◆ **WHAT THE TASK ASKS**: The entries below contain pictures, which are to be left out; write out exactly, and only, the lines from the line with "Ежедневник датированный 2024" up to and including the line with "四、学员如何查看课时 1.律师如何查看课时 1.1".

Items from a data source:
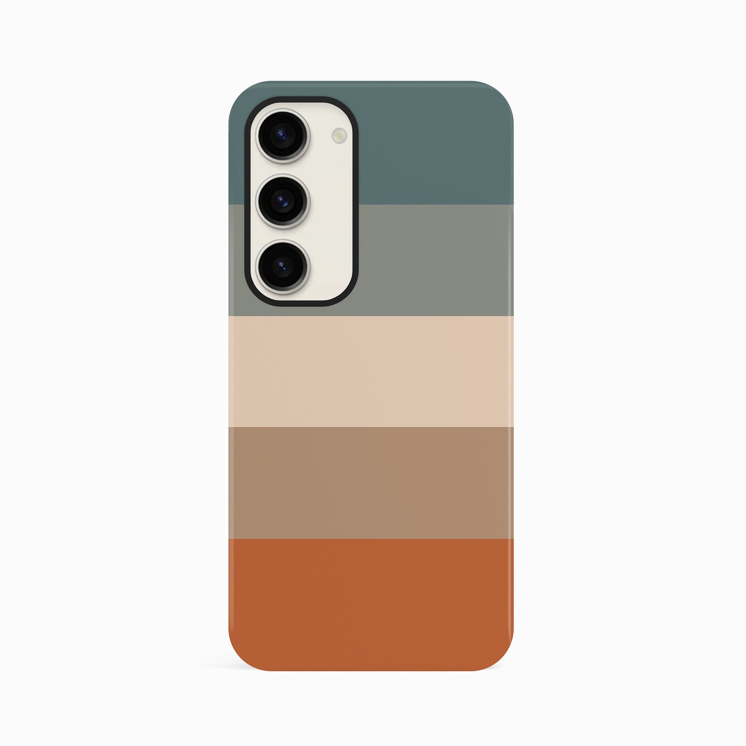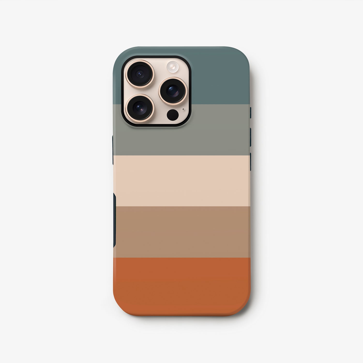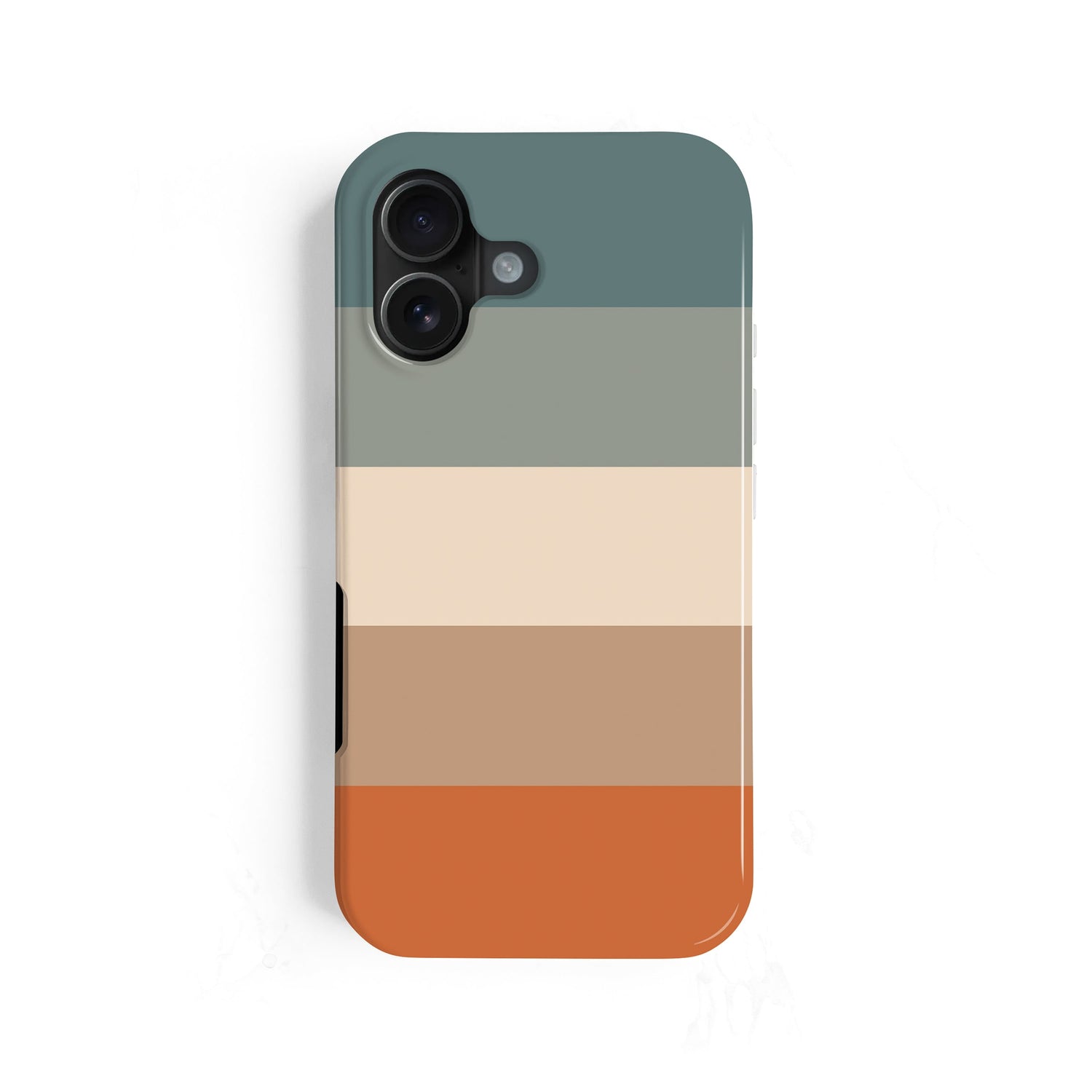 A modern stripe print case in muted blue, orange and creams. A premium phone case for iPhone 17 and Samsung S25 devices as well as all other iPhone and Samsung Galaxy models listed. Choose from a matte or gloss finish and slim or tough case styles. Independently designed and exclusive to our store.
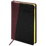 Ежедневник датированный 2024 А5 138x213 мм BRAUBERG "Chameleon", под кожу, черный/красный, 114925
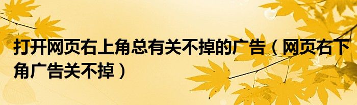 大家好,小联来为大家解答以上的问题。打开网页右上角总有关不掉的广告,网页右下角广告关不掉这个很多人还不知道,现在让我们一起来看看吧!
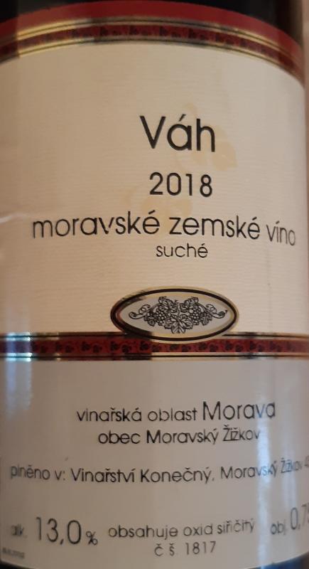 Váh 2018 zemské - Vinařství Konečný Moravský Žižkov. Zelená Bordo láhev, korek (plátek-drť-plátek 44 mm). Tmavý rubín, vysoká viskozita. Slabá ale příjemná vůně marmelády, tmavého ovoce a ostružin. Plné tělo, lahodné, sametové, v chuti borůvky, ostružiny, náznak vanilky a koňaku, delší dochuť. Dostalo lepších 7,5 (84) bodů.
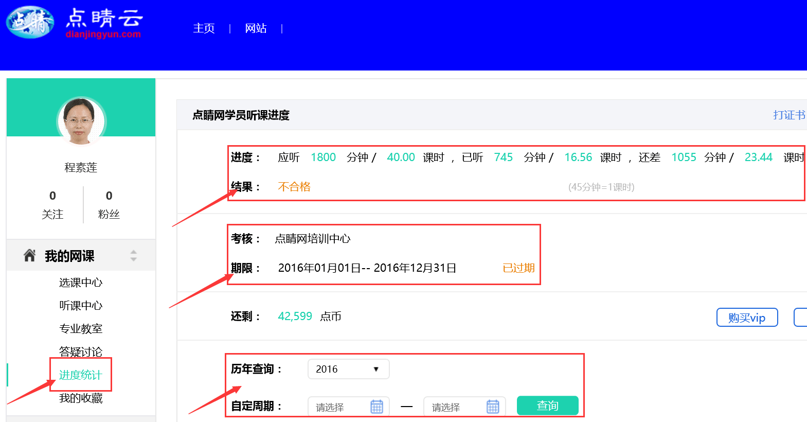 四、学员如何查看课时 1.律师如何查看课时 1.1 学员登录进入到个人后台页面,点击网页左侧“进度统计”,页面显示您是否合格,可实时查看学习进度。如下图: ![]() 1.2 如果您完成了所要求课时会显示“合格”,需要听课证明,请点击“打证书”。如下图:
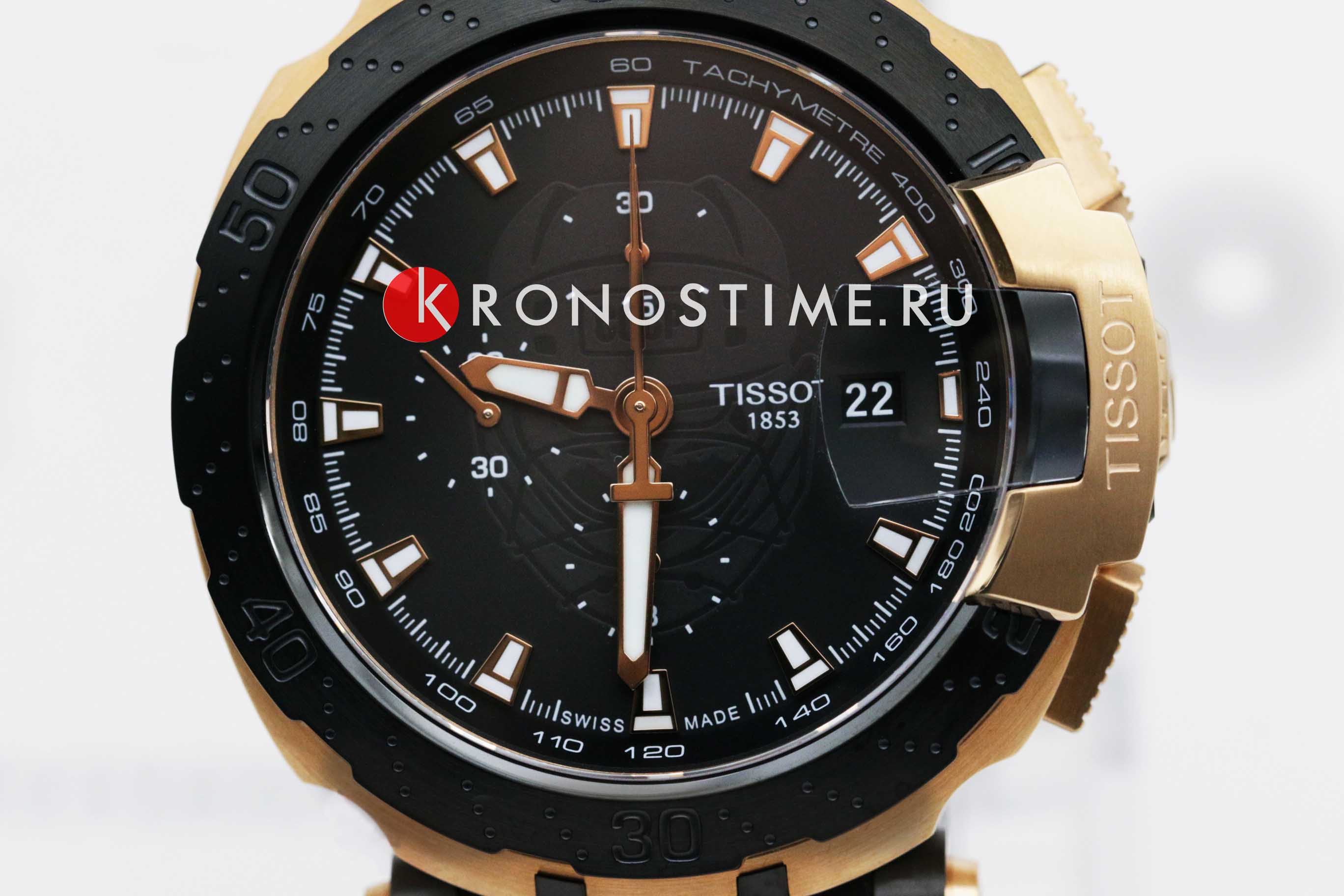 Мужские лимитированные швейцарские механические часы (20 экземпляров на Россию) из коллекции T-Race выпущены в честь легендарного хоккеиста Владислава Третьяка. (Владислав Третьяк — единственный хоккеист, которому удалось три раза получить награду лучшему хоккеисту Европы — «Золотую клюшку». Третьяк завоевал в общей сложности 90 медалей, в числе которых 3 золотые олимпийские, 10 золотых медалей чемпиона мира, 12 золотых — чемпиона Европы.) Часы с автоподзаводом, они оснащены популярным калибром ETA C01.211 с запасом хода 45 часов. Стальной корпус с чёрным и розово-золотистым PVDPVDУльтратонкое покрытие наносится в технике вакуумного напыления, сочетает в себе нитрид титана особой прочности со слоем золота или оксида хрома. Несёт в себе декоративную или защитную функцию.-покрытием. Сапфировое стеклоСапфировое стеклоПрочный и надёжный материал из кристалла сапфира синтетического происхождения, характеризующийся особой твёрдостью и устойчивостью к царапинам и повреждениям.. Удобный силиконовый браслет с раскладной застёжкойРаскладная застёжкаТакой тип застёжки используется только на браслетах из металла. Она никогда не раскрывается полностью, происходит разделение на 2 и более частей. Раскладывающая застёжка снизит вероятность потери часов к минимуму.. Люминесцентное покрытиеЛюминесцентное покрытиеПозволяет считывать показания времени в темноте. Производители наносят на стрелки, часовые индексы, безель или поверхность циферблата светонакопительный состав, дающий холодное свечение.. Водостойкость до 10 бар. СекундомерСекундомерСекундоме́р — прибор, способный измерять интервалы времени с точностью до долей секунды., тахиметрТахиметрРазмеченная шкала, располагается на ободке или безеле часов. Тахиметр позволяет рассчитать скорость на определённом участке пути, расстояние измеряется в километрах или милях., индикация числа. Габариты: 47,25 x 45 x 16 мм. Производство и сборка: Швейцария.

◆ **ANSWER FOR THE TASK**:
 Ежедневник датированный 2024 А5 138x213 мм BRAUBERG "Chameleon", под кожу, черный/красный, 114925
 大家好,小联来为大家解答以上的问题。打开网页右上角总有关不掉的广告,网页右下角广告关不掉这个很多人还不知道,现在让我们一起来看看吧!
 Váh 2018 zemské - Vinařství Konečný Moravský Žižkov. Zelená Bordo láhev, korek (plátek-drť-plátek 44 mm). Tmavý rubín, vysoká viskozita. Slabá ale příjemná vůně marmelády, tmavého ovoce a ostružin. Plné tělo, lahodné, sametové, v chuti borůvky, ostružiny, náznak vanilky a koňaku, delší dochuť. Dostalo lepších 7,5 (84) bodů.
 四、学员如何查看课时 1.律师如何查看课时 1.1 学员登录进入到个人后台页面,点击网页左侧“进度统计”,页面显示您是否合格,可实时查看学习进度。如下图: ![]() 1.2 如果您完成了所要求课时会显示“合格”,需要听课证明,请点击“打证书”。如下图:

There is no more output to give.